**What you are asked to do:** With the pictures left out, please return exactly the line holding "Вечером воскресенья, 27" and each following line until the entries end.

**Task inputs:**
########################################

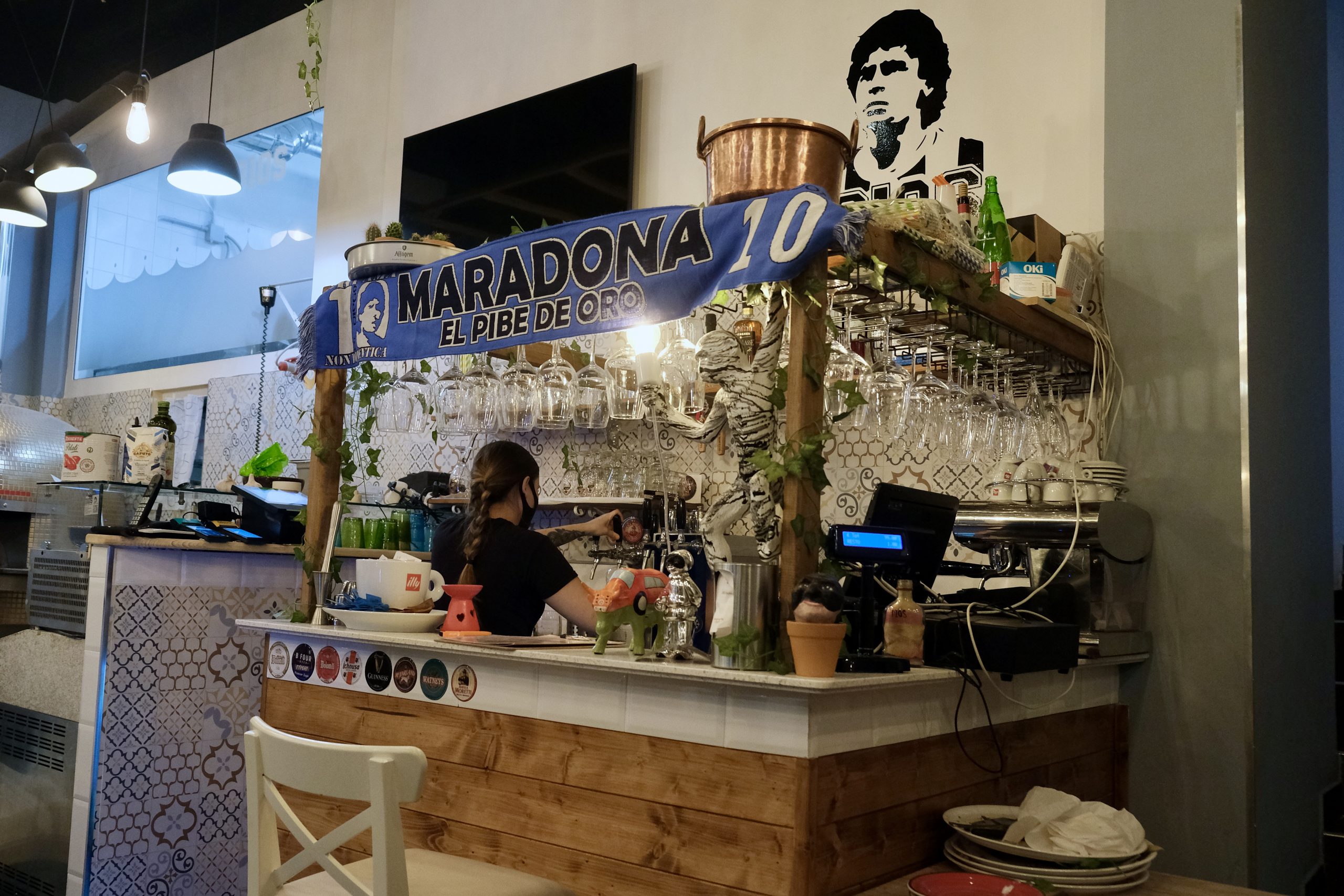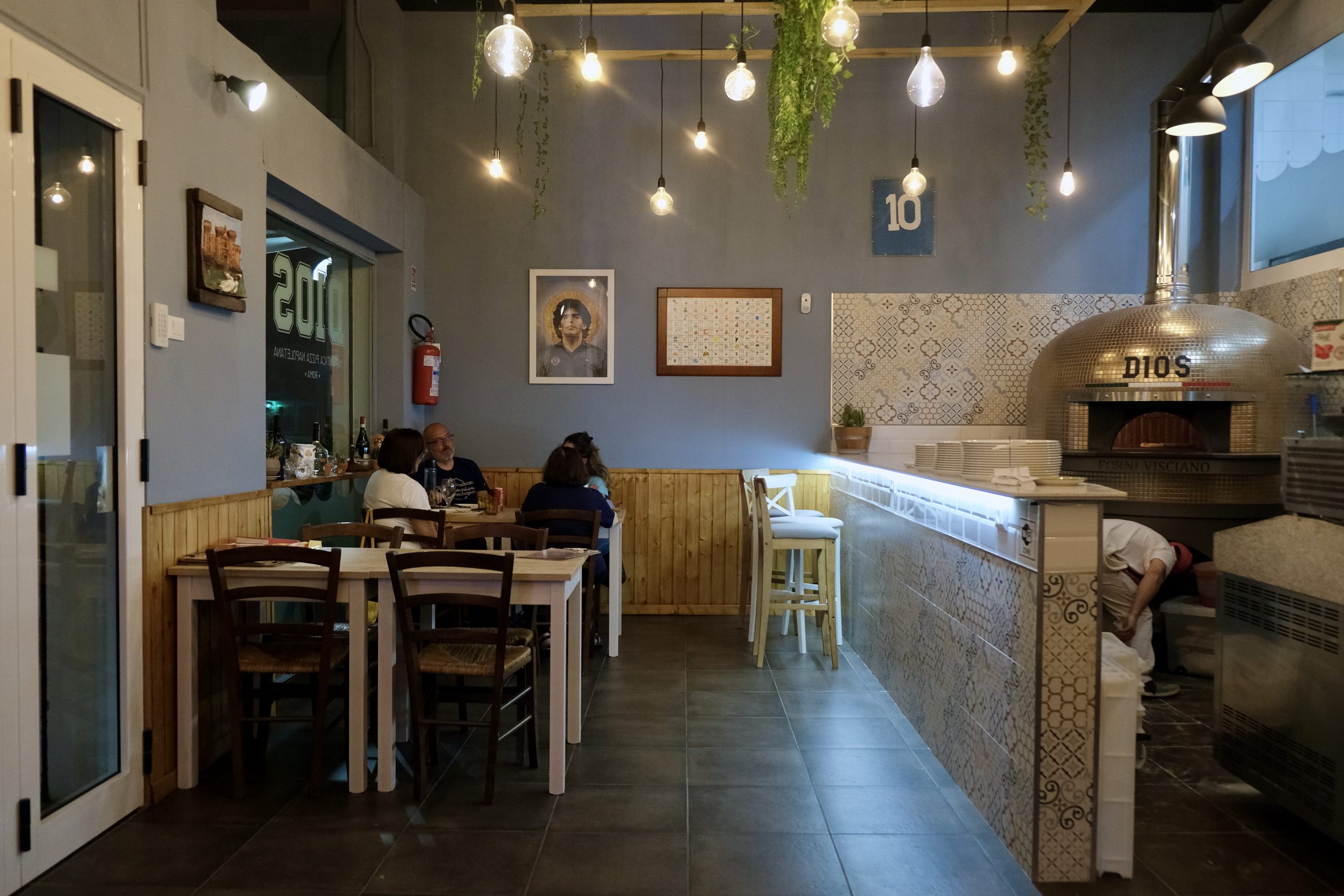 La scritta D10S si affaccia sul dehors all’ingresso, all’interno le pareti color celeste e le luci restituiscono un’atmosfera a tema assieme ad alcuni quadri e sciarpe di Diego Armando Maradona, fino al forno a gas personalizzato. Nulla di eccessivo o “preponderante”, ma in ogni angolo è indubbiamente chiaro il tributo al fuoriclasse argentino.
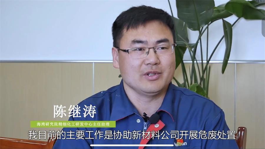 陈继涛,2015年光荣加入中国共产党,2019年参加工作。他,是一名默默无闻的科研人,深扎稳打肯劳肯干,坚守着研发人的初心。他深耕危废处置与资源化利用领域,深入企业生产一线提供技术支持,致力于将危废处置更加绿色生态,执着地在危废中“淘宝”,以实际行动践行绿色发展理念,为助力生态文明建设贡献“海湾力量”。
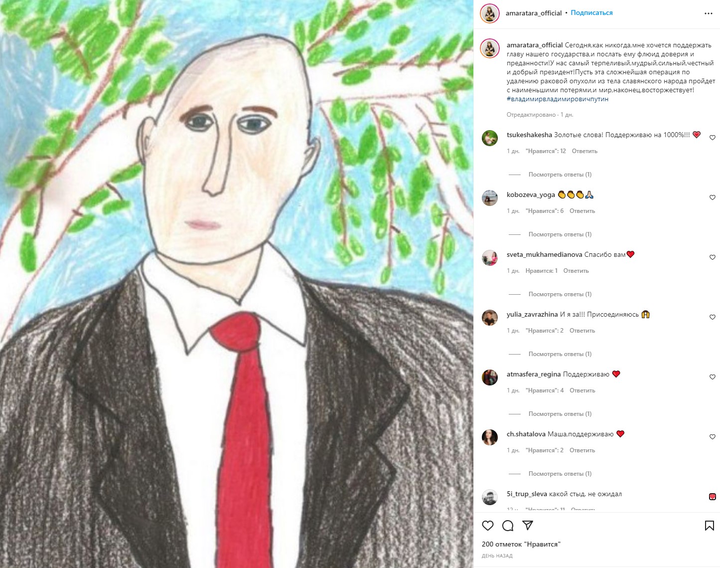 Вечером воскресенья, 27 февраля, она написала пост в Инстаграм, сравнив спецоперацию на Украине с удалением раковой опухоли и послала президенту России Владимиру Путину «флюид доверия и преданности».
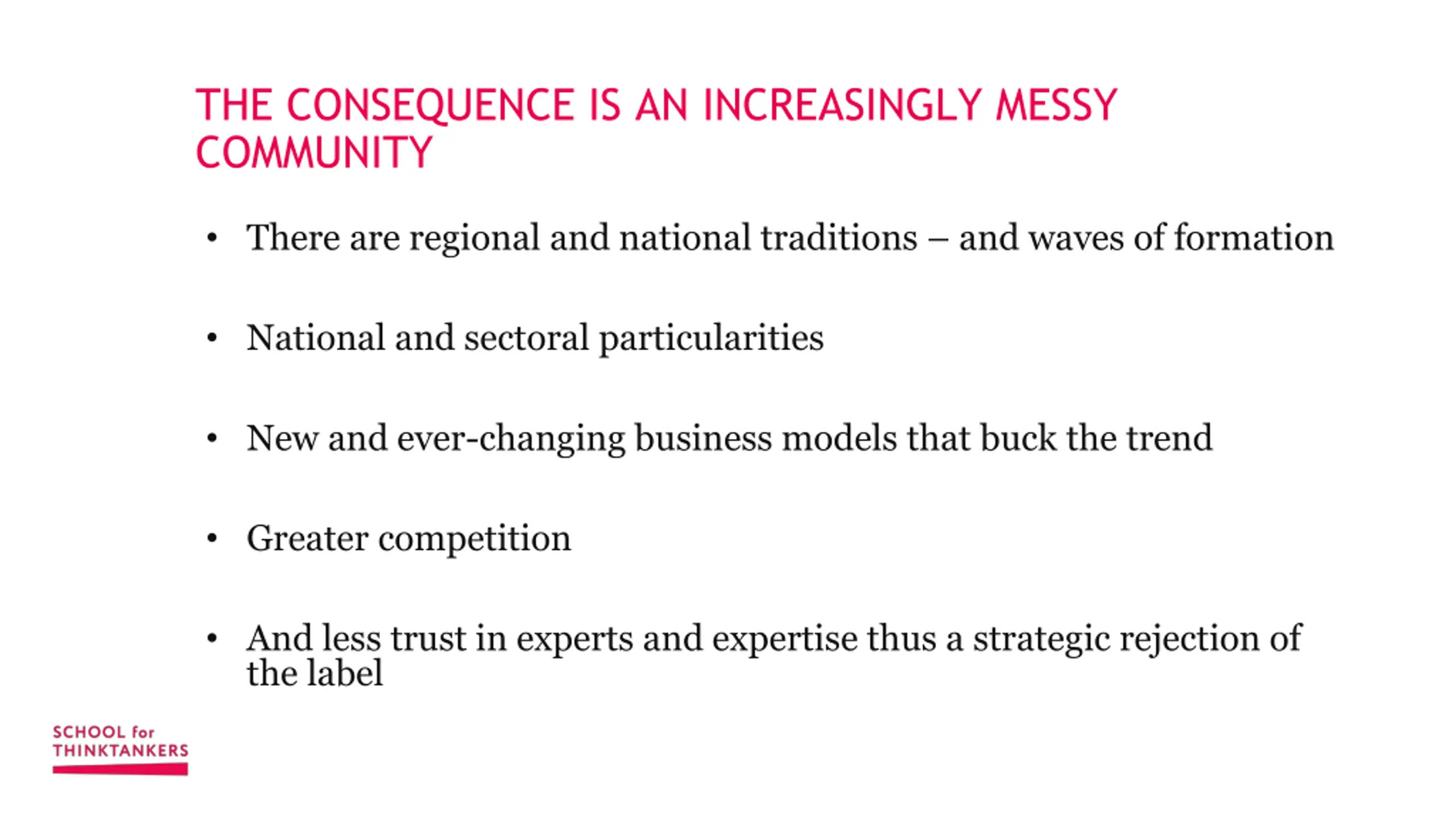 THE CONSEQUENCE IS AN INCREASINGLY MESSY COMMUNITY There are regional and national traditions and waves of formation National and sectoral particularities New and ever-changing business models that buck the trend Greater competition And less trust in experts and expertise thus a strategic rejection of the label
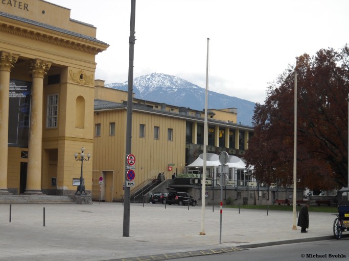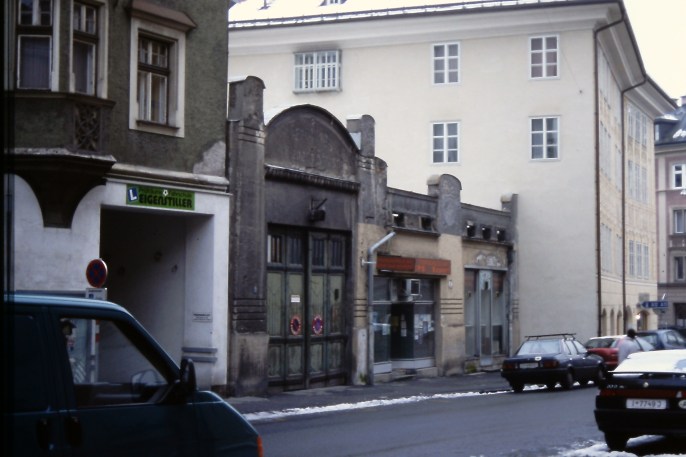 Die Erlerstraße mit dem rückwärtigen Eingang ins „alte“ Kaufhaus Tyrol sowie der ehemaligen Caritaszentrale. Das Reklameschild oberhalb des „P“ weist auf das ebenfalls nicht mehr existierende Hotel „Maria Theresia“ hin. Dort gab es auch einen Durchgang durch den optisch wenig reizvollen Innenhof, den ich selbst gerne als Abkürzung zum Sparkassenplatz verwendet habe; Aufnahme: März 1998.
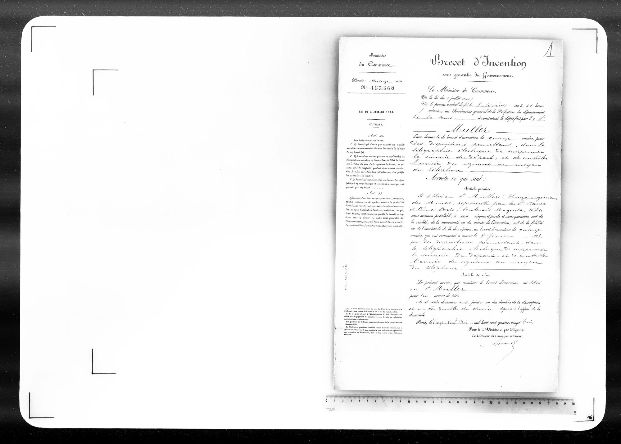 - Brevet d'invention de 15 ans
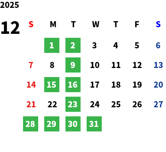 ※ 一部、特別営業日がございます。詳しくは営業日カレンダーをご確認ください
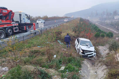 Alınan bilgiye göre, İstanbul'dan Bursa yönüne seyreden B.K. (23) idaresindeki 16 NPA 32 plakalı otomobil, Karsak Kavşağı yakınında kontrolden çıkarak bariyerleri aşıp şarampole devrildi.

########################################

**Response area:**
 Вечером воскресенья, 27 февраля, она написала пост в Инстаграм, сравнив спецоперацию на Украине с удалением раковой опухоли и послала президенту России Владимиру Путину «флюид доверия и преданности».
 THE CONSEQUENCE IS AN INCREASINGLY MESSY COMMUNITY There are regional and national traditions and waves of formation National and sectoral particularities New and ever-changing business models that buck the trend Greater competition And less trust in experts and expertise thus a strategic rejection of the label
 Die Erlerstraße mit dem rückwärtigen Eingang ins „alte“ Kaufhaus Tyrol sowie der ehemaligen Caritaszentrale. Das Reklameschild oberhalb des „P“ weist auf das ebenfalls nicht mehr existierende Hotel „Maria Theresia“ hin. Dort gab es auch einen Durchgang durch den optisch wenig reizvollen Innenhof, den ich selbst gerne als Abkürzung zum Sparkassenplatz verwendet habe; Aufnahme: März 1998.
 - Brevet d'invention de 15 ans
 ※ 一部、特別営業日がございます。詳しくは営業日カレンダーをご確認ください
 Alınan bilgiye göre, İstanbul'dan Bursa yönüne seyreden B.K. (23) idaresindeki 16 NPA 32 plakalı otomobil, Karsak Kavşağı yakınında kontrolden çıkarak bariyerleri aşıp şarampole devrildi.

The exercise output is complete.